EnvoyProxy¶
EnvoyProxy configures the Envoy Proxy data plane infrastructure, including deployment strategy, resource allocation, networking, observability, and bootstrap configuration. It controls how Envoy proxies are deployed and managed.
Overview¶
- API Group:
gateway.envoyproxy.io/v1alpha1 - Kind:
EnvoyProxy - Purpose: Configure Envoy proxy infrastructure
- Scope: Cluster-wide or per-Gateway configuration
Key Features¶
- Deployment strategy (Deployment, DaemonSet)

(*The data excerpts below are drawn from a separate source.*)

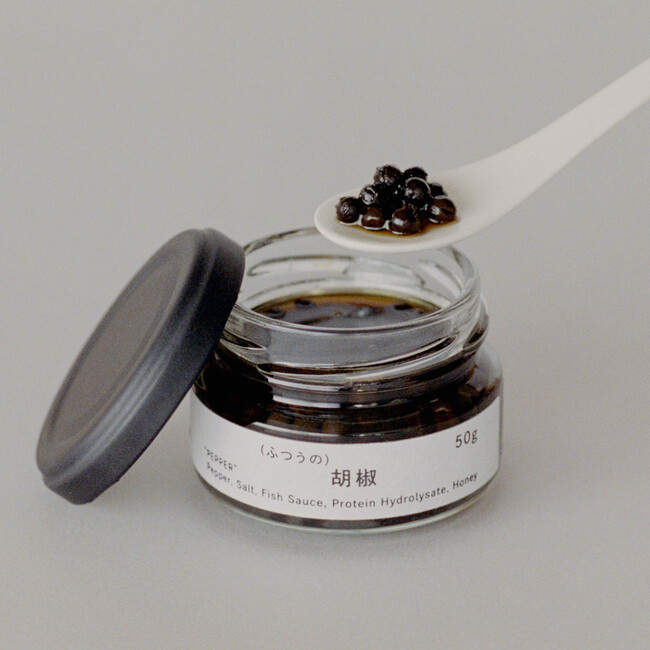目指したのは、そのまま食べてもおいしいほどやさしい生胡椒の開発です。カタクチイワシを食塩に漬け込み、自然落下した液体のみを丁寧に抽出して魚醤(コラトゥーラ)を仕上げ、そこに黒胡椒を漬け込みます。さらにハチミツを垂らし、漬け込んだうま味を伸ばし、辛味の角だけをとっていきます。この二重の漬け込みと隠し味で、何にでも合って飽きの来ない生胡椒がようやく出来上がりました。
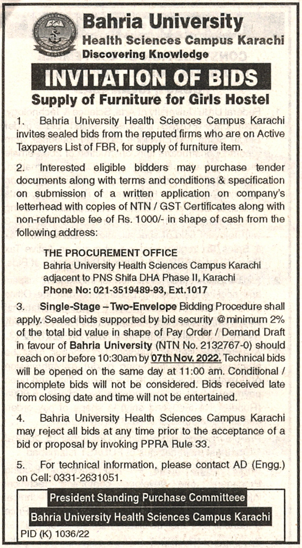 Supply of Furniture for Girls Hostel Bahria University Health Sciences Campus Karachi
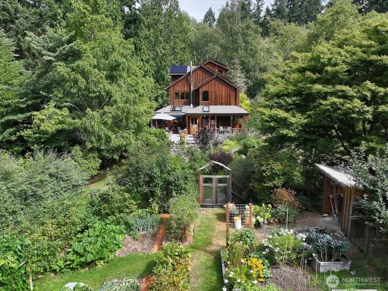 This quintessential Maxwelton Valley, one-owner home on 5.78 +/- acres adjacent to The Whidbey Institute's 106-acre conservation forest, with trails, is ready for its next steward. Perched on a sunny hilltop, at the end of a private road and surrounded by lush forest, gardens and mature landscape, this home was lovingly built and remodeled over the years with exquisite craftsmanship and a strong connection to nature. The woodworkmanship throughout this home is impeccable. Whether lounging on the cedar deck in the summer sunshine or cozying up inside on a crisp autumn evening, there is a deep sense of warmth that lives year-round with this one. Recent updates include a ductless heat pump & solar panels. Welcome to Whidbey! Welcome Home!
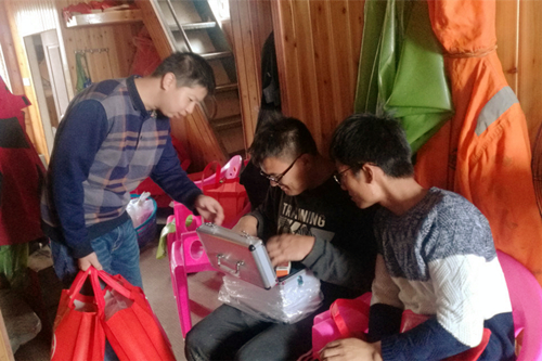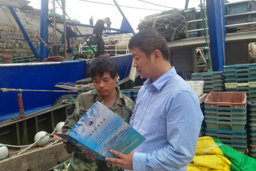 在岸边,几个在码头聊天的村民笑着向工作人员打招呼。工作人员一行跳上甲板,会员林志军船上的渔工从工作人员手中接过应急药箱,喜悦的心情写在脸上。
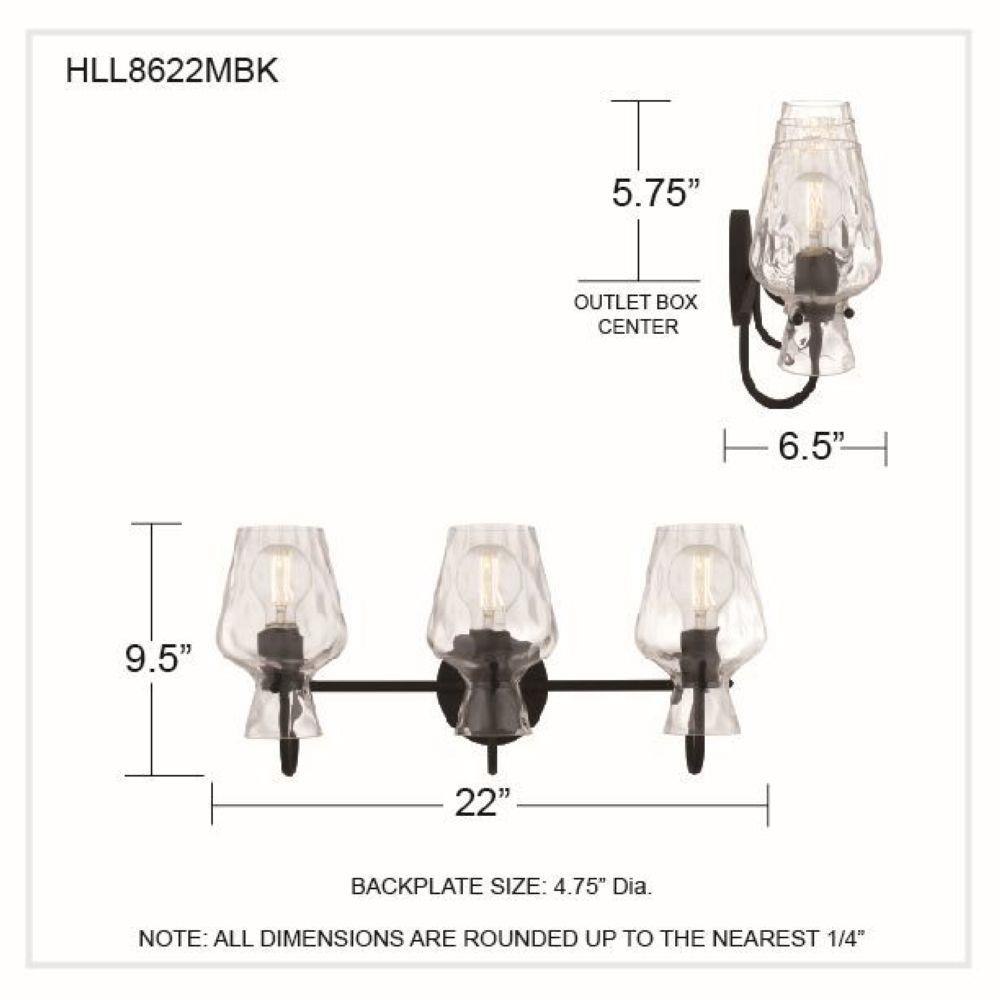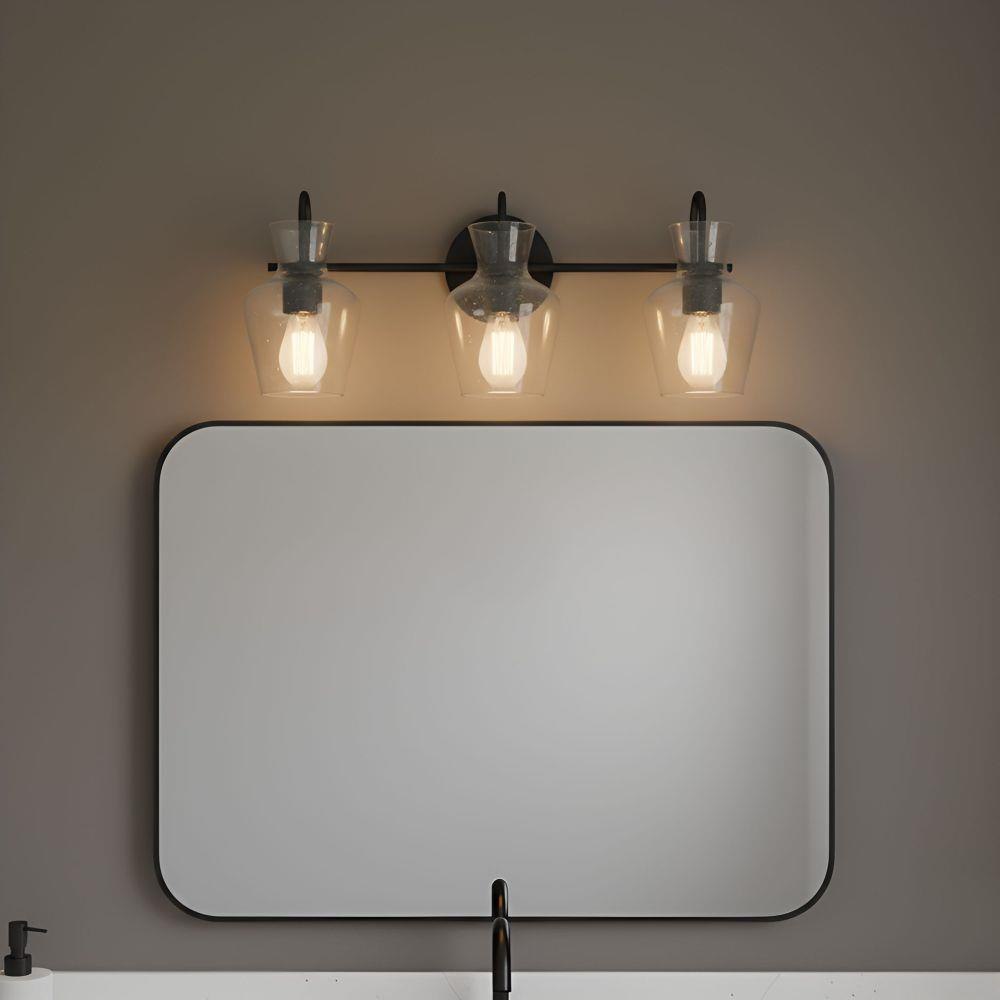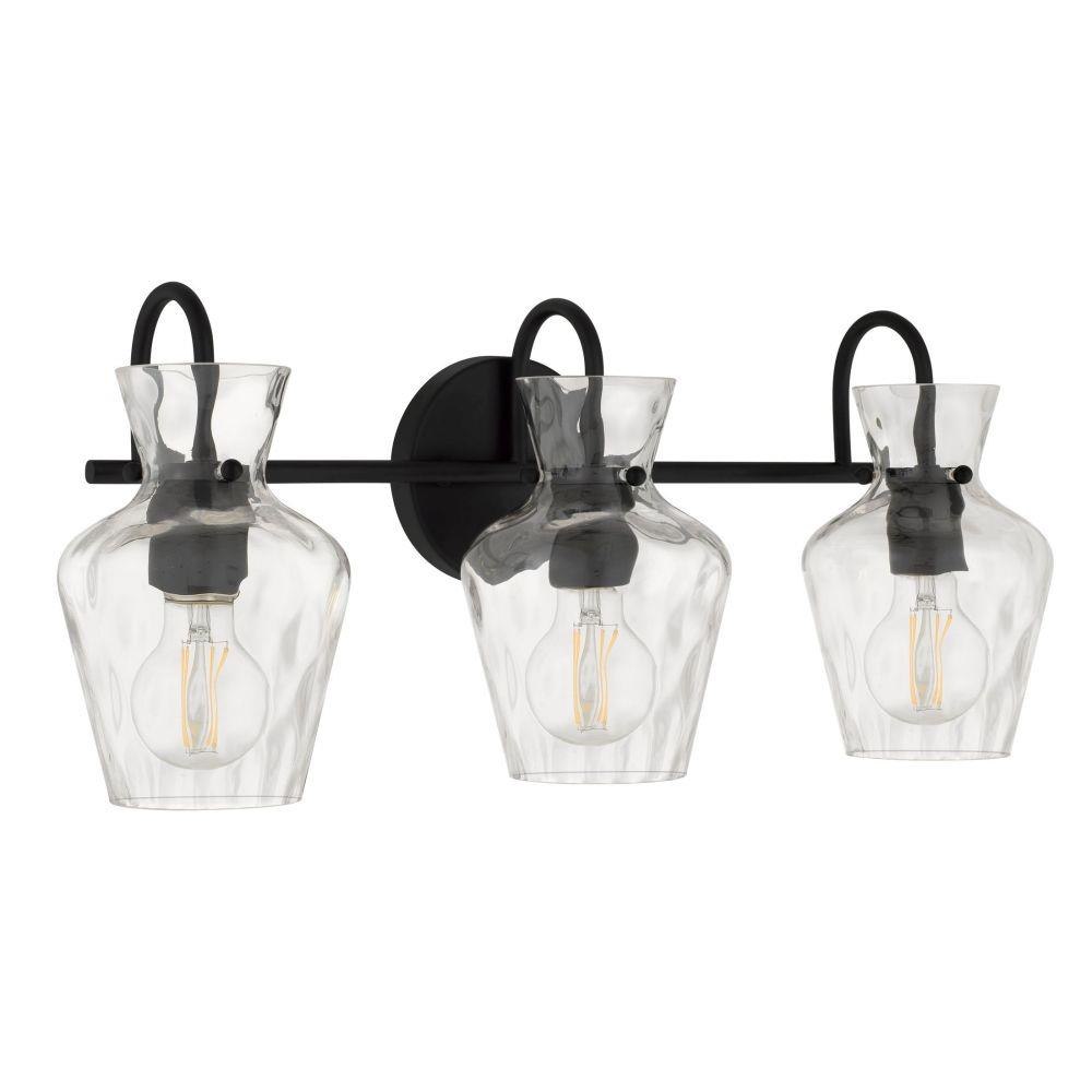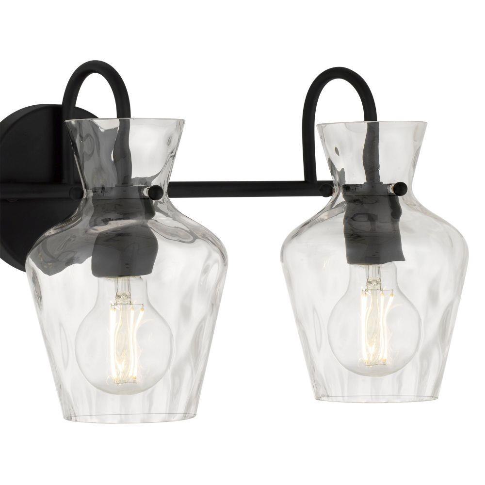 The Hollis vanity light blends modern simplicity with artisanal charm. Its matte black finish provides a sleek, timeless backdrop, while the clear hammered glass shades shimmer like water touched by sunlight. Each curve of glass adds texture and depth, creating a play of light that feels warm and inviting. Perfect for brightening a bathroom with elegance and ease, Hollis turns everyday routines into moments of quiet beauty.

- Resource requests and limits
- Pod template customization
- Service configuration (LoadBalancer, NodePort, ClusterIP)
- Bootstrap configuration
- Telemetry and logging
- Shutdown behavior
- Envoy admin interface
Basic Example¶
apiVersion: gateway.envoyproxy.io/v1alpha1
kind: EnvoyProxy
metadata:
name: custom-proxy
namespace: envoy-gateway-system
spec:
provider:
type: Kubernetes
kubernetes:
envoyDeployment:
replicas: 3
pod:
resources:
requests:
cpu: 500m
memory: 512Mi
limits:
cpu: 1000m
memory: 1Gi
Deployment Configuration¶
Replicas¶
spec:
provider:
type: Kubernetes
kubernetes:
envoyDeployment:
replicas: 3
strategy:
type: RollingUpdate
rollingUpdate:
maxSurge: 1
maxUnavailable: 0
DaemonSet Mode¶
spec:
provider:
type: Kubernetes
kubernetes:
envoyDaemonSet:
pod:
annotations:
prometheus.io/scrape: "true"
Resource Configuration¶
CPU and Memory¶
spec:
provider:
type: Kubernetes
kubernetes:
envoyDeployment:
pod:
resources:
requests:
cpu: 500m
memory: 512Mi
limits:
cpu: 2000m
memory: 2Gi
Node Selection¶
spec:
provider:
type: Kubernetes
kubernetes:
envoyDeployment:
pod:
nodeSelector:
node-role.kubernetes.io/worker: "true"
tolerations:
- key: dedicated
operator: Equal
value: envoy
effect: NoSchedule
affinity:
podAntiAffinity:
preferredDuringSchedulingIgnoredDuringExecution:
- weight: 100
podAffinityTerm:
labelSelector:
matchLabels:
app: envoy-proxy
topologyKey: kubernetes.io/hostname
Service Configuration¶
LoadBalancer Service¶
spec:
provider:
type: Kubernetes
kubernetes:
envoyService:
type: LoadBalancer
annotations:
service.beta.kubernetes.io/aws-load-balancer-type: "nlb"
service.beta.kubernetes.io/aws-load-balancer-scheme: "internet-facing"
NodePort Service¶
spec:
provider:
type: Kubernetes
kubernetes:
envoyService:
type: NodePort
nodePort: 30080
ClusterIP with External IPs¶
spec:
provider:
type: Kubernetes
kubernetes:
envoyService:
type: ClusterIP
externalIPs:
- 192.168.1.100
Telemetry Configuration¶
Metrics¶
spec:
telemetry:
metrics:
prometheus:
disable: false
sinks:
- type: OpenTelemetry
openTelemetry:
host: otel-collector.observability.svc.cluster.local
port: 4317
protocol: grpc
Access Logging¶
spec:
telemetry:
accessLog:
settings:
- format:
type: JSON
json:
timestamp: "%START_TIME%"
method: "%REQ(:METHOD)%"
path: "%REQ(X-ENVOY-ORIGINAL-PATH?:PATH)%"
protocol: "%PROTOCOL%"
response_code: "%RESPONSE_CODE%"
duration: "%DURATION%"
bytes_sent: "%BYTES_SENT%"
bytes_received: "%BYTES_RECEIVED%"
user_agent: "%REQ(USER-AGENT)%"
x_forwarded_for: "%REQ(X-FORWARDED-FOR)%"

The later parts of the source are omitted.